Two California state senators, one Democrat, one Republican, spent nearly three hours Tuesday tearing into the state's top librarian and a now-defunct nonprofit over more than $1 million in taxpayer money that was supposed to put books in children's hands through Dolly Parton's Imagination Library. Instead, the cash flowed to consultants, a marketing firm, and a bookkeeper, with little to show for it.
State Senators Sasha Renée Peréz, a Democrat from Pasadena, and Shannon Grove, a Republican from Fresno, directed their sharpest criticism at California State Librarian Greg Lucas and the Strong Reader Partnership, a nonprofit the State Library itself created to administer the program. The bipartisan frustration was plain: lawmakers from both parties agreed the money trail didn't add up.
The hearing follows a March session that examined roughly $650,000 in unaccounted-for spending tied to the Imagination Library. Tuesday's hearing, as the New York Post reported, widened the scope considerably, with the total now pegged at about $1.1 million funneled through the nonprofit after lawmakers had already moved to claw back the bulk of the program's funding.
In 2022, California launched a $68.2 million child literacy effort. The State Library set up the Strong Reader Partnership to help run it. After a slow rollout, lawmakers intervened, redirecting the bulk of the funds to the Dollywood Foundation, the organization that actually operates Dolly Parton's Imagination Library nationwide.

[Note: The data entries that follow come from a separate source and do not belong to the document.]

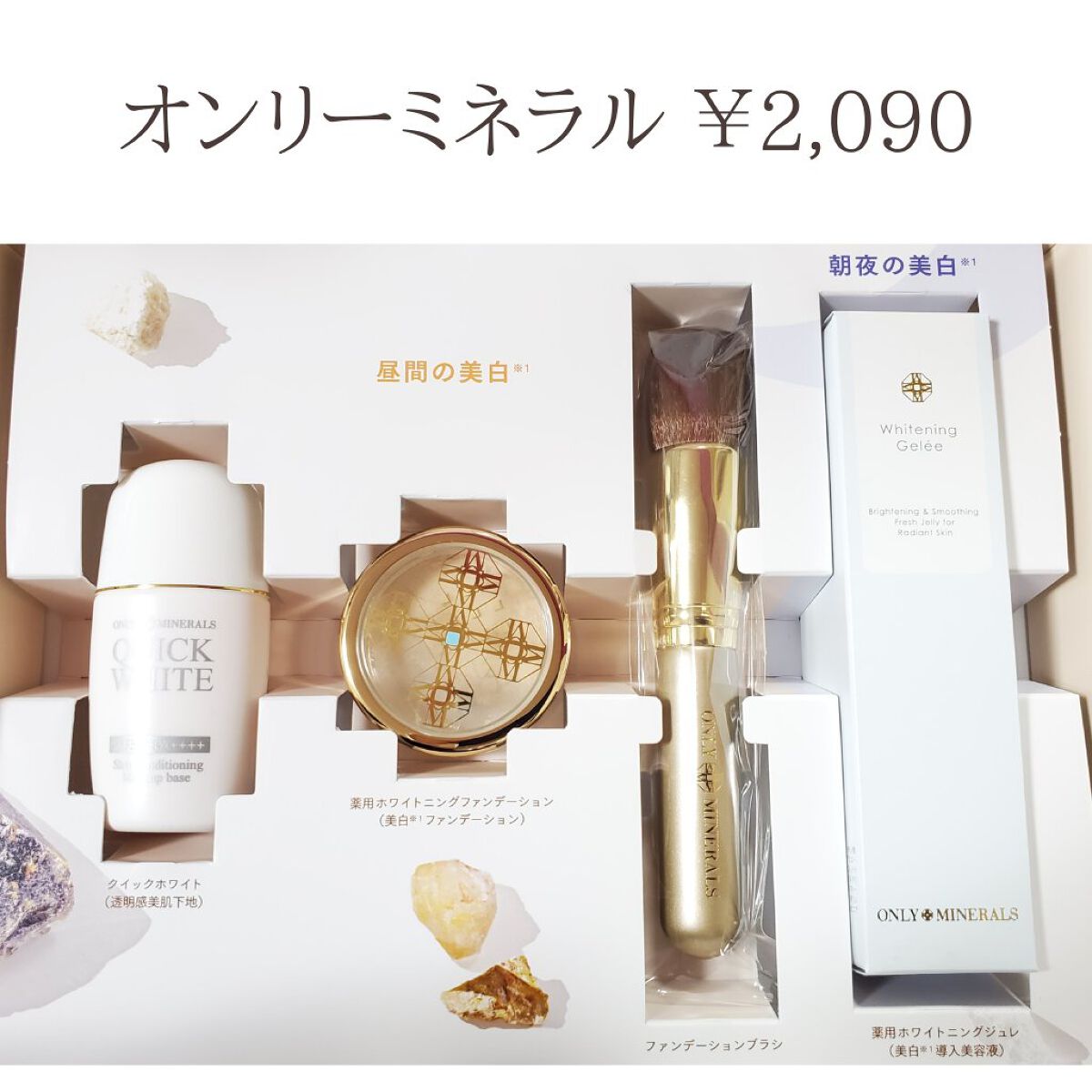 お得なトライアルセットのご紹介♪ミネラルファンデが気になっている方、ブラシだけ欲しい方などなど、ぜひ参考にしてみてね。❶レイチェルワイン┈┈┈┈┈┈┈┈┈┈┈┈┈┈┈┈┈┈ミネラルメイクアップトライアルセット¥1,980▪本格カブキブラシ▪ミネラルファンデーション0.5g×2色▪アクセントフェースパウダー0.3g本格カブキブラシは通常販売価格がなんと¥4,620!!肌触りが本当に心地よく、ずっと触っていたいような滑らかさ。カラー豊富で全12色中、2色セットの7パターンから選べます。粒子が細かいので肌の凹凸にもフィット。崩れにくくマスクにも付きにくいです。ひとつで5役の機能、日焼け止め(SPF27PA+++)、化粧下地、コンシーラー、ファンデーション、フィニッシングパウダー。❷エトヴォス┈┈┈┈┈┈┈┈┈┈┈┈┈┈┈┈┈┈┈┈┈スターターキット#40¥1,980▪マットスムースミネラルファンデーション0.8g▪ナイトミネラルファンデーション(フェイスパウダー)1g▪フェイスカブキブラシ▪モイスチャライジングローション20㎖▪モイスチャライジングセラム(美容液)10㎖▪モイストバリアクリーム5g▪クリアソープバー(洗顔)5g▪モイストシャンプー(サンプル)10㎖×1包▪リペアトリートメント(サンプル)8g×1包フェイスカブキブラシの通常販売価格は¥2,200。毛の量が少なめだけど、その分柔らかく広がりもいいです。スキンケアやお試しシャンプーなども付いています。※現在はスキンケアが新しいアルティシリーズに変更され、サンプルもミネラルインナートリートメントベース3包とホワイトニングクリアセラム3包のようです。カラーは4色から選べます。軽い付け心地で厚塗り感もなく、セミマットな仕上がり。時間が経った方が毛穴が目立たなく感じました。❸ONLYMINERALS┈┈┈┈┈┈┈┈┈┈┈┈┈┈┈┈┈┈24時間ミネラル美白トライアルセット¥2,090▪薬用ホワイトニングファンデーション2.5g▪ファンデーションブラシ▪薬用ホワイトニングジュレ(導入美容液)40㎖▪クイックホワイト(化粧下地)15㎖ファンデーションブラシの通常販売価格は¥3,850。毛の密度があり、外側が短く、真ん中に向かって長くなっていて弾力を感じます。※現在はデビューブラシという柄の短い物に変更され、ファンデーションは1g、クイックホワイト(化粧下地)も付いていないようです。カラーは2色から選べます。ツヤ感とカバー力が程よく、自然な仕上がりです。6つの多機能パウダーで、日焼け止め(SPF50PA+++)、化粧下地、美白美容液、コンシーラー、ファンデーション、フィニッシングパウダーがこれひとつに。┈┈┈┈┈┈┈┈┈┈┈┈┈┈┈┈┈┈┈┈┈┈┈┈┈┄3種ともすべてミネラルファンデーションなので、肌に負担が少なく、石鹸で落とすことができます。濃いシミを隠すほどのカバー力は無いけど、肌の綺麗な人やナチュラルメイクが好きなら満足できると思います。#買って後悔させません
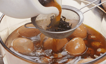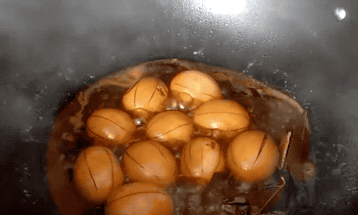 加茶叶、盐、酒、水以旺火烧沸,加盖,用小火慢煮,做出的茶叶蛋果然香气更浓。
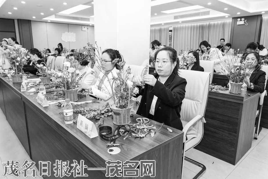 活动还特别邀请了见心花道·茂名四季插花非遗传承人赵凤英到场教授插花技艺,让在场女性在花香浸润中舒缓身心,在一枝一叶的构思中感受非遗魅力。
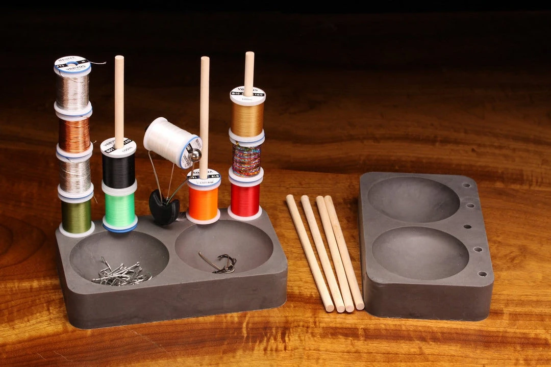 Fill the bowls with hooks, beads and the like; add wooden dowls to easily stack up to 20 thread spools. Become a more organized and efficient tyer with this caddy.Â

But before that transfer happened, the Strong Reader Partnership managed to spend about $1.1 million. Roughly $1 million of that went to just three firms.
Sage Strategies, a consulting outfit whose CEO, Sonya Harris, also served as the Strong Reader Partnership's executive director, collected $326,250.99. A committee report found that invoices for Sage's work often listed only "general consulting", with no explanation of what was actually done. Lawmakers called the invoices "very vague."
Shipyard, a marketing firm, received $581,708.55. That sum included $125,000 for a "web digital landing page." Senator Grove told the hearing the webpage does not exist.
Lotus Financial Solution billed $110,000 for bookkeeping, including a $40,000 setup fee and $7,000-per-month charges. The nonprofit it was keeping books for handled fewer than 100 total transactions.
On top of that, lawmakers found the nonprofit had overstated payments by $101,788.50 to Sage Strategies and by $10,974.50 to the law firm Delfino Madden, both due to double counting. The Strong Reader Partnership even bounced checks and incurred overdraft fees for insufficient funds.
Grove did not mince words. She told Lucas and the nonprofit's representatives flatly during Tuesday's hearing:
"Just frankly, you guys failed."
She pressed further on what the program had actually accomplished, pointing out that the nonprofit could not demonstrate its own results independent of the Dollywood Foundation's broader work. As Grove put it:
"You can't tell me what students you enrolled. You're piggybacking and say you get credit for what Dolly Parton's Imagination Library did."
That distinction matters. The Imagination Library itself reported real numbers: between July 2023 and July 2024, the program enrolled 85,401 children in California, including 46,530 new sign-ups. Since June 2023, the program says it has reached 163,104 kids and delivered 2.9 million books statewide. The initial $1.5 million in state funding covered more than 1 million books.
The books got delivered. But the Strong Reader Partnership, the middleman, burned through more than a million dollars without producing clear evidence of what it contributed beyond what the Dollywood Foundation was already doing.
Perhaps the most troubling detail to emerge from Tuesday's hearing involves lobbying. Peréz and Grove cited email records showing that Sonya Harris and the Strong Reader Partnership lobbied against a bill that would have removed the nonprofit's control over the book project's money. The contract between the State Library and the Strong Reader Partnership explicitly forbade the nonprofit from lobbying on legislation.
So the nonprofit that was supposed to deliver books to children instead spent time, and possibly resources, fighting to keep its grip on the funding pipeline. That is not what taxpayers signed up for when Sacramento committed $68.2 million to get kids reading.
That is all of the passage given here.